Injury Prevention Programs: Why they are important for manufacturers to consider

OSHA first aid early intervention programs are all the buzz these days. Especially because common injuries or disorders can happen in the work environment and performance contributes to making the condition worse or persist longer. It can be found in muscles, nerves, tendons, joints, cartilage, and spinal discs.

So, companies throughout the United States are looking for ways to keep their employees healthy, avoid injuries, provide ergonomic improvements, and increase their employee retention rate. The solution = onsite early intervention, but what exactly does that mean or look like?

These types of programs bring in trained specialists to work with employees to reduce/eliminate early signs and symptoms of work and non-work-related musculoskeletal disorders while staying within OSHA first aid guidelines and avoiding recordables. These services can be provided in multiple ways on-site, near-site, and rapid rehab.

What is Onsite Early Intervention?
  • Places therapists at the worksite for a specified number of hours each week
  • Therapist meets with employees that are showing early stages of aches/pains
  • Follows OSHA First-Aid guidelines to prevent the symptom from developing into a recordable injury
  • Analyzes the employee’s work station for ergonomic improvements
  • Continues to follow up with the employee until the ache or pain has subsided

By providing early intervention you can help your company:

  • Significantly reduce your incident rate and workers’ comp costs
  • Keep employees healthy, safe, and productive
  • Fewer injuries equate to less staffing and productivity issues
  • Increase employee satisfaction and add to your employee benefits offering
  • Job station ergonomic analysis can prevent the chances of future injuries
Cost Savings

Employers are always concerned about their return on investment – will they have an increase in OSHA recordables, and exactly what can, and can’t you do within the OHSHA first aid guidelines to minimize medical treatment to avoid them?
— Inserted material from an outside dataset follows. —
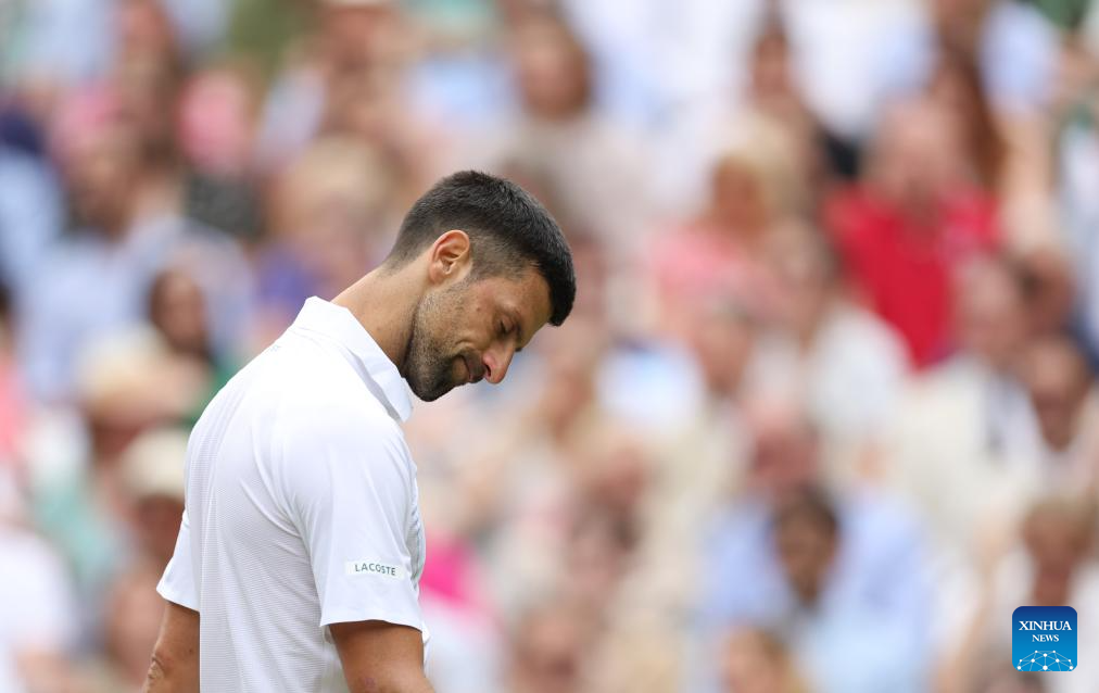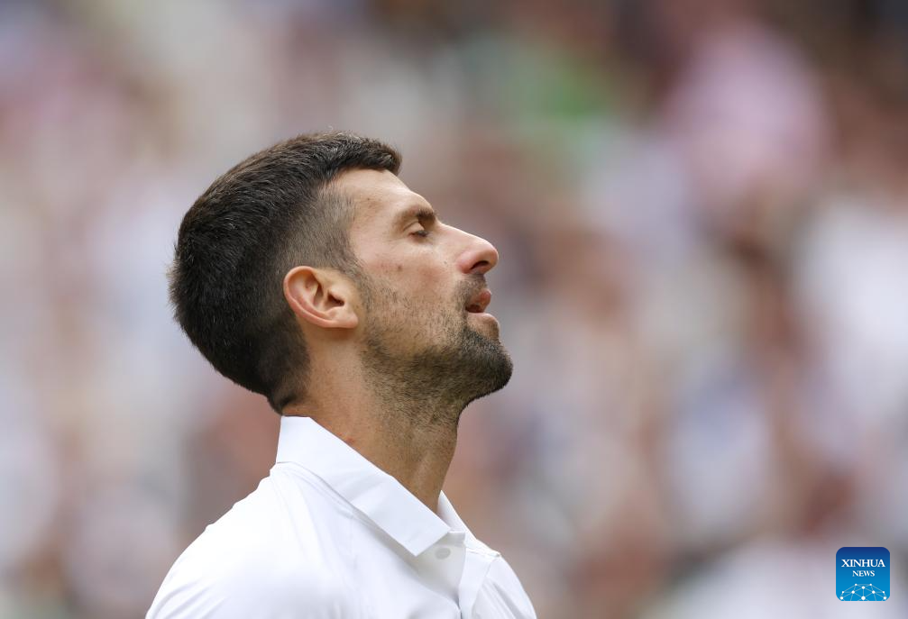 LONDRES, 15 julio, 2024 (Xinhua) -- Imagen del 14 de julio de 2024 de Novak Djokovic reaccionando durante el partido de la final de individuales masculinos entre Carlos Alcaraz, de España, y Novak Djokovic, de Serbia, en el Campeonato de Tenis de Wimbledon, en Londres, Reino Unido. (Xinhua/Li Ying)

On the flip side, employers do not want to deny medical treatment or an OSHA recordable when a musculoskeletal incident exceeds the level of a minor incident.

When looking at national data to glean the value of these early intervention programs for employers and employees, the value employers see is straightforward. Every $1 on injury prevention equals $2.67 in average savings to a company in lost time and direct medical costs.

Also, based on national injury prevention data from the last two years, 35% of incidents are work-related and 65% are non-work-related. There is a huge trend in these programs seeing employees for non-work-related injuries. This means if an employee is injured outside of work, it could impair how they perform on the job. So, if a company can help an employee through a non-work related injury while at work they will be able to perform their job better, and the company saves time and money that would potentially be spent if the employee went to the doctor.

Increase Retention Rate

The other trend that is apparent with early intervention programs is the improvement in retention rate. This is also of value to the employee. When employees know there is care at their employer for an aging ache or pain, they are more likely to go to work and stay employed at that company which provides an ongoing sense of worth and personal value within the workforce. Staying employed has value for both the employer and the employee.

Win-Win for Both

It’s important to think about both sides of the coin when providing early intervention programs. The employer value of fewer recordables, less work comp cost, more productivity, lower DART/Incident/Severity Rates, and higher employee retention are important.

And, perhaps even more important is sending the employee home to their family every day with less discomfort whether it is work-related or not. Plus, less out-of-pocket expenses and they will likely remain working for an employer that demonstrates the great benefit of an injury prevention program.